馈电逆变器40的直流侧连接到正电极线PL1和负电极线NL。馈电逆变器40的交流侧连接到电力出口35，并且经由继电器RY2连接到电力线ACL1、ACL2。继电器RY2是用于控制馈电逆变器40与入口60之间的电连接/断开的继电器，并且由控制器50控制通/断。The DC side of the feed inverter 40 is connected to the positive electrode line PL1 and the negative electrode line NL. The AC side of the feeding inverter 40 is connected to the electric power outlet 35, and is connected to the electric power lines ACL1, ACL2 via the relay RY2. Relay RY2 is a relay for controlling electrical connection/disconnection between feeding inverter 40 and inlet 60 , and is controlled on/off by controller 50 .

入口60被配置为能够兼作将电力从车辆100馈送给外部负荷、家庭等所通过的供电端口，以及从外部电源对车辆100充电所通过的充电端口。入口60对应于用于与位于车辆100之外的外部建立电接触的“连接端口”的实施例。Inlet 60 is configured to be able to double as a power supply port through which electric power is fed from vehicle 100 to external loads, households, etc., and a charging port through which vehicle 100 is charged from an external power source. The inlet 60 corresponds to an example of a “connection port” for establishing electrical contact with the outside located outside the vehicle 100 .

馈电逆变器40基于来自控制器50的信号CMD2，将正电极线PL1和负电极线NL上的直流电压转换成交流电压并且输出交流电压。将来自馈电逆变器40的输出控制为适合于由外部设备使用的电压/电流。例如，将馈电逆变器40的输出电压控制为与商用电力系统400等量的电力(例如从100到200VAC)。The feed inverter 40 converts the DC voltage on the positive electrode line PL1 and the negative electrode line NL into an AC voltage based on the signal CMD2 from the controller 50 and outputs the AC voltage. The output from the feed inverter 40 is controlled to a voltage/current suitable for use by external equipment. For example, the output voltage of the feeding inverter 40 is controlled to the same amount of power as the commercial power system 400 (for example, from 100 to 200 VAC).

从馈电逆变器40输出的交流电力被从电力出口35输出。此外，通过接通继电器RY2，从馈电逆变器40输出的交流电力可以通过入口60并且由图1中所示的供电系统使用。The AC power output from the feeding inverter 40 is output from the power outlet 35 . Furthermore, by turning on the relay RY2 , the AC power output from the feed inverter 40 can pass through the inlet 60 and be used by the power supply system shown in FIG. 1 .

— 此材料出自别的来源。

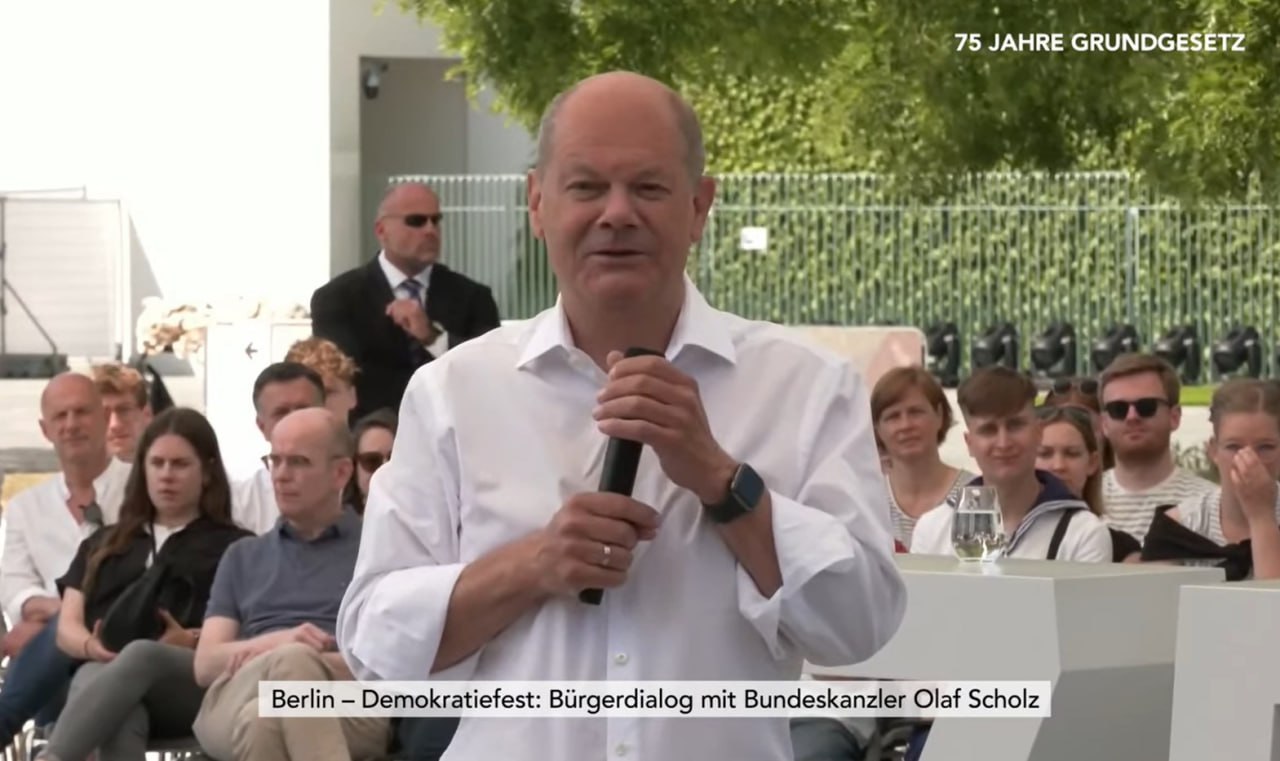 Олаф Шольц встретился с избирателями в Берлине. Скриншот видео

通过当车辆100静止时接通系统主继电器SMR，车辆100可以将直流电力输出到正电极线PL1和负电极线NL。进一步，当车辆100静止时，可以激活引擎2以便发电。电动发电机MG1使用引擎2的输出产生的电力由逆变器21和转换器10转换成直流电力，并且被输出到正电极线PL1和负电极线NL。By turning on system main relay SMR when vehicle 100 is stationary, vehicle 100 can output DC power to positive electrode line PL1 and negative electrode line NL. Further, when the vehicle 100 is stationary, the engine 2 may be activated to generate electricity. Electric power generated by motor generator MG1 using the output of engine 2 is converted into DC power by inverter 21 and converter 10 , and output to positive electrode line PL1 and negative electrode line NL.

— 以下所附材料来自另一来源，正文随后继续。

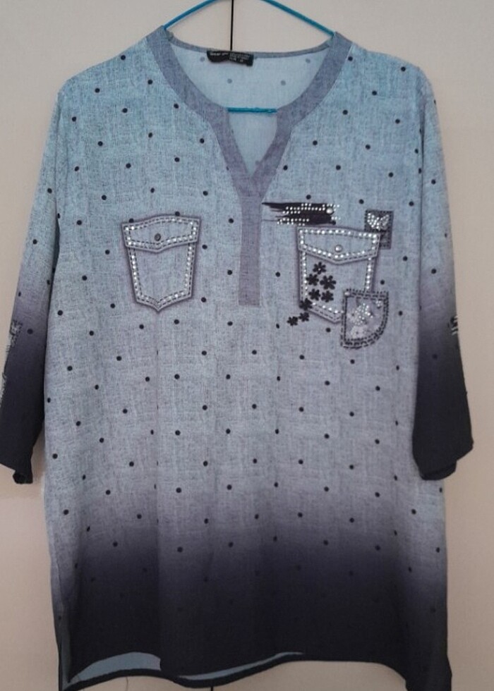 Dirsek kol gri renk pul işlemeli bluz boy 70 cm en 55 cm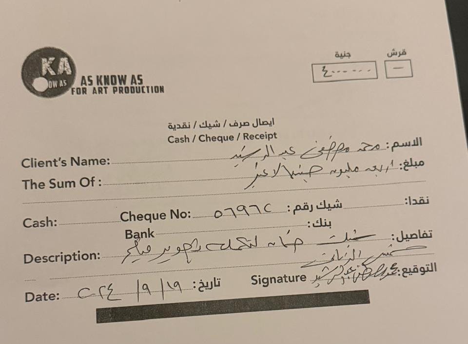 وأكد رمسيس أن حقيقة الأمر أن هذه الشيكات هو قد قام توقيعها كنوع من أنواع ضمانة حصته وحصة الشريك ولا يحق للمنتج المشارك محمد مصطفى الرشيدي إستخدامها قضائيا خصوصا مع وجود ورقة موقعة من الرشيدي تؤكد هذا المعنى.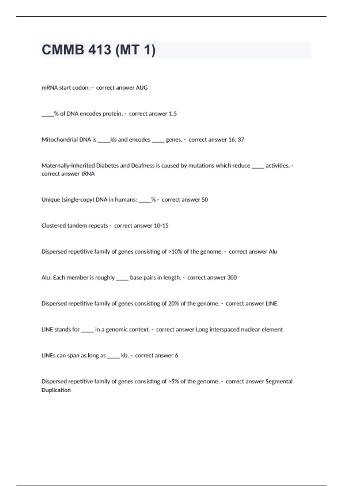 CMMB 413 (MT 1)mRNA start codon: - correct answer AUG ____% of DNA encodes protein. - correct answer 1.5 Mitochondrial DNA is ____kb and encodes ____ genes. - correct answer 16, 37 Maternally-Inherited Diabetes and Deafness is caused by mutations which reduce ____ activities. - correct answer tRNA Unique (single-copy) DNA in humans: ____% - correct answer 50 Clustered tandem repeats - correct answer 10-15 Dispersed repetitive family of genes consisting of >10% of the genome. - correct answer Alu Alu: Each member is roughly ____ base pairs in length. - correct answer 300 Dispersed repetitive family of genes consisting of 20% of the genome. - correct answer LINE LINE stands for ____ in a genomic context. - correct answer Long interspaced nuclear element LINEs can span as long as ____ kb. - correct answer 6 Dispersed repetitive family of genes consisting of >5% of the genome. - correct answer Segmental Duplication

此外，当车辆100静止时，通过激活馈电逆变器40，可以将输出到正电极线PL1和负电极线NL的直流电力转换成交流电力。因此，车辆100能够从电力出口35和/或入口60供应以下至少一者：由蓄电装置B放电的电力和由电动发电机MG1产生的电力。因此，可以将电力从车辆100馈送给连接到电力出口35的电气设备，或者馈送给电连接到入口60的电气负荷或家庭。换言之，使用以下至少一者实现从车辆100供电：从蓄电装置B放电的电力和通过激活引擎2产生的电力。Furthermore, by activating the feeding inverter 40 when the vehicle 100 is stationary, the DC power output to the positive electrode line PL1 and the negative electrode line NL can be converted into AC power. Therefore, vehicle 100 is capable of supplying at least one of: electric power discharged by power storage device B and electric power generated by motor generator MG1 from electric power outlet 35 and/or inlet 60 . Accordingly, electric power can be fed from the vehicle 100 to an electrical device connected to the power outlet 35 , or to an electrical load or home electrically connected to the inlet 60 . In other words, power supply from vehicle 100 is realized using at least one of: electric power discharged from power storage device B and electric power generated by activating engine 2 .

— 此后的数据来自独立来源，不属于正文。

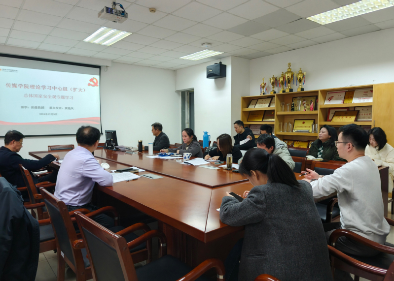 12月9日上午,传媒学院党委举行理论中心组(扩大)学习会,进行总体国家安全观专题学习,传媒学院党委书记张健主持会议;传媒学院党委委员出席会议;综合办公室、学科办公室负责人,全体专职辅导员列席会议。

继电器RY1在车辆100的外部充电期间闭合，并且在车辆操作和馈电操作期间断开。继电器RY2在由车辆100执行的馈电操作期间闭合，并且在车辆操作期间断开。当继电器RY2在外部充电期间闭合时，可以在通过供应给入口60的电力进行外部充电期间操作连接到电力出口35的电气设备。因此，图2中所示的馈电逆变器40对应于“馈电单元”的实施例。Relay RY1 is closed during external charging of vehicle 100, and is opened during vehicle operation and feeding operation. Relay RY2 is closed during the feeding operation performed by the vehicle 100, and is opened during the vehicle operation. When the relay RY2 is closed during external charging, it is possible to operate electric equipment connected to the power outlet 35 during external charging by the power supplied to the inlet 60 . Therefore, the feeding inverter 40 shown in FIG. 2 corresponds to an embodiment of a "feeding unit".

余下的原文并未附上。